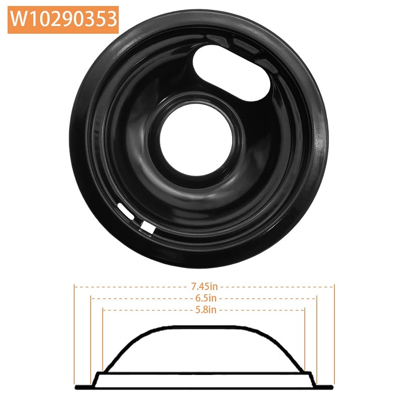 W10290353 Drip Pans replaces: 059011B, 300728, 0300728, 04100392, 04100527, 14202900, 14205730, 14210033, 14222661, 19950012, 305837B, 308648B, 308648BQ, 308937B, 309113B, 309427B, 3169204A, 3169204P, 59011B, 74002961, 74004068, 7725P022-60, 7725P040-60, 93159247B, D8576205, D8576206, W10132138, W10290353BU, Y0300728, Y04100392, Y04100527, Y059011B, etc.
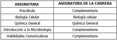 💡 Si ingresas a Microbiología de la Javeriana, las asignaturas del Preuniversitario que hayas aprobado harán parte de tu plan de estudios según la siguiente tabla.
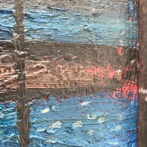 Gemälde von Oskar Althaus ( 1908-1965 ) Boote bei Sonnenuntergang Acryl auf Lein...
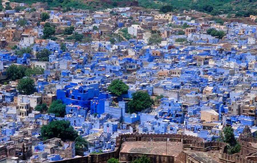 2014年6月7日,每日邮报发布一组航拍照片,展示了地球上世界各地城市或景观在空中鸟瞰时展示出不可思议的壮丽景色。图为焦特布尔,印度拉贾斯坦邦的第二大城市,被称为“蓝色的城市”。
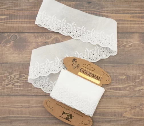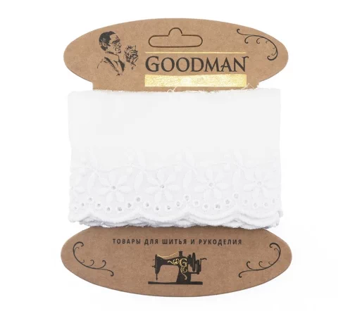 Шитье - вышивка на батисте (прошва) GOODMAN, ширина 70 мм, уп./3,5 м, цвет белый
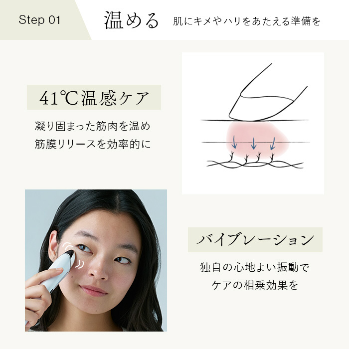 ●STEP 02 「ほぐす」手や指では届かない表情筋の深層部まで、的確にほぐす
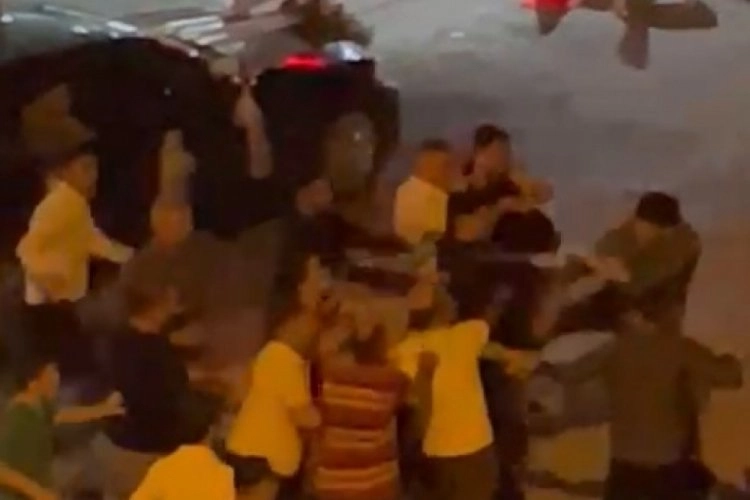 Karşılıklı atışmayla başlayan tartışma, kavgaya dönüştü. Salondan çıkan kalabalık grup, sokakta tekme tokat kavgaya devam etti.
· · · ·
EXERCISE GOAL: Could you set down the material above word for word while dropping its pictures?

EXERCISE ANSWER:
 W10290353 Drip Pans replaces: 059011B, 300728, 0300728, 04100392, 04100527, 14202900, 14205730, 14210033, 14222661, 19950012, 305837B, 308648B, 308648BQ, 308937B, 309113B, 309427B, 3169204A, 3169204P, 59011B, 74002961, 74004068, 7725P022-60, 7725P040-60, 93159247B, D8576205, D8576206, W10132138, W10290353BU, Y0300728, Y04100392, Y04100527, Y059011B, etc.
 💡 Si ingresas a Microbiología de la Javeriana, las asignaturas del Preuniversitario que hayas aprobado harán parte de tu plan de estudios según la siguiente tabla.
 Gemälde von Oskar Althaus ( 1908-1965 ) Boote bei Sonnenuntergang Acryl auf Lein...
 2014年6月7日,每日邮报发布一组航拍照片,展示了地球上世界各地城市或景观在空中鸟瞰时展示出不可思议的壮丽景色。图为焦特布尔,印度拉贾斯坦邦的第二大城市,被称为“蓝色的城市”。
 Шитье - вышивка на батисте (прошва) GOODMAN, ширина 70 мм, уп./3,5 м, цвет белый
 ●STEP 02 「ほぐす」手や指では届かない表情筋の深層部まで、的確にほぐす
 Karşılıklı atışmayla başlayan tartışma, kavgaya dönüştü. Salondan çıkan kalabalık grup, sokakta tekme tokat kavgaya devam etti.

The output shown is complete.